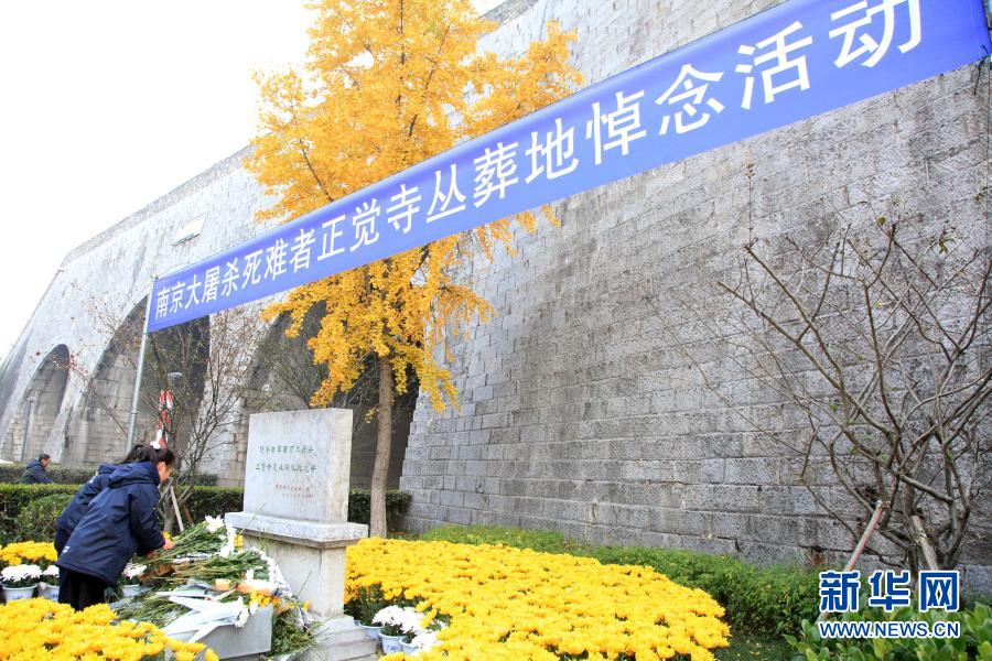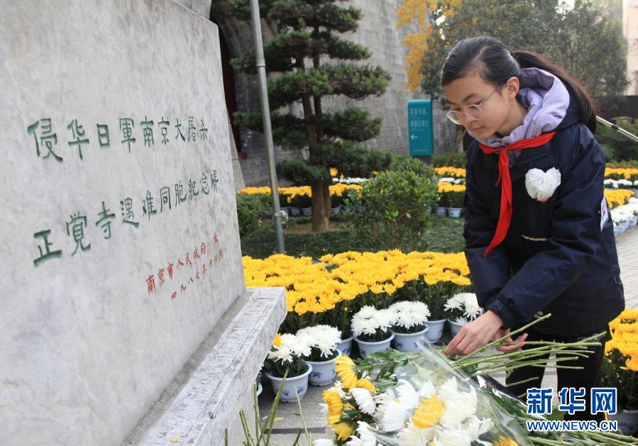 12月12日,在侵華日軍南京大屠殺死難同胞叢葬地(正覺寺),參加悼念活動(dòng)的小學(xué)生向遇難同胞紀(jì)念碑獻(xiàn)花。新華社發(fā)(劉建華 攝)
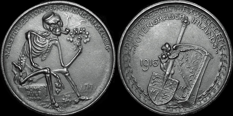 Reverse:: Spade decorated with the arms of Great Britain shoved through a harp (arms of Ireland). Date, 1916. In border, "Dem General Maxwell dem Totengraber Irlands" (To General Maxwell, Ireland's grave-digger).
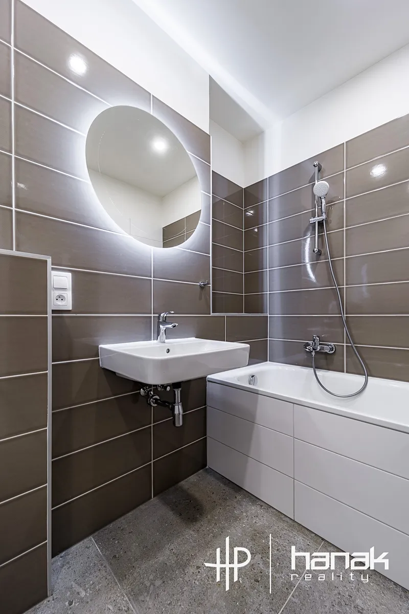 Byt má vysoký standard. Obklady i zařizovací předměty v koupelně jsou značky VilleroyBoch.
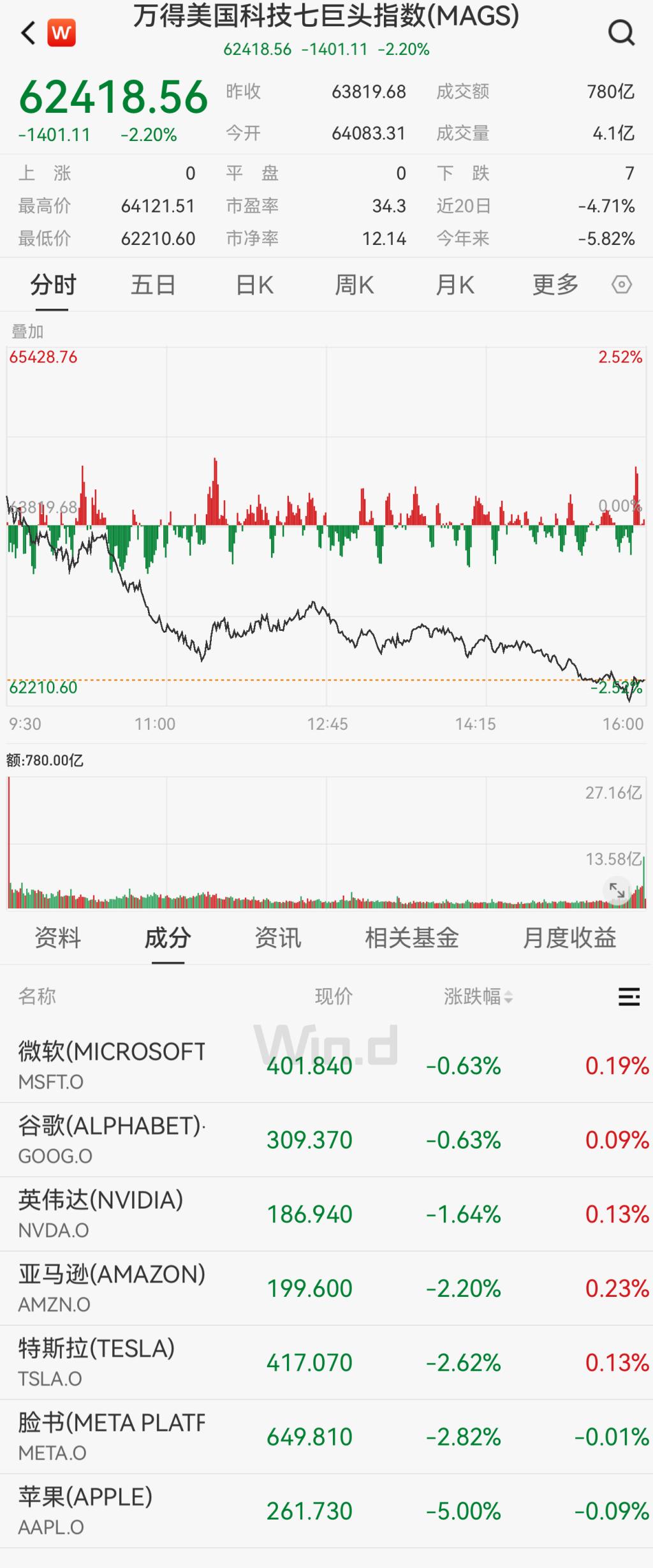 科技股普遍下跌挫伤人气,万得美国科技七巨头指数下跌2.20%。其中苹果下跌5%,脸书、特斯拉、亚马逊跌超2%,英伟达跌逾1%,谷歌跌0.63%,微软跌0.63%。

▶ WORK ITEM
Down to the last line, print the material exactly, but not its pictures.

▶ SOLUTION TO THIS PROBLEM
 12月12日,在侵華日軍南京大屠殺死難同胞叢葬地(正覺寺),參加悼念活動(dòng)的小學(xué)生向遇難同胞紀(jì)念碑獻(xiàn)花。新華社發(fā)(劉建華 攝)
 Reverse:: Spade decorated with the arms of Great Britain shoved through a harp (arms of Ireland). Date, 1916. In border, "Dem General Maxwell dem Totengraber Irlands" (To General Maxwell, Ireland's grave-digger).
 Byt má vysoký standard. Obklady i zařizovací předměty v koupelně jsou značky VilleroyBoch.
 科技股普遍下跌挫伤人气,万得美国科技七巨头指数下跌2.20%。其中苹果下跌5%,脸书、特斯拉、亚马逊跌超2%,英伟达跌逾1%,谷歌跌0.63%,微软跌0.63%。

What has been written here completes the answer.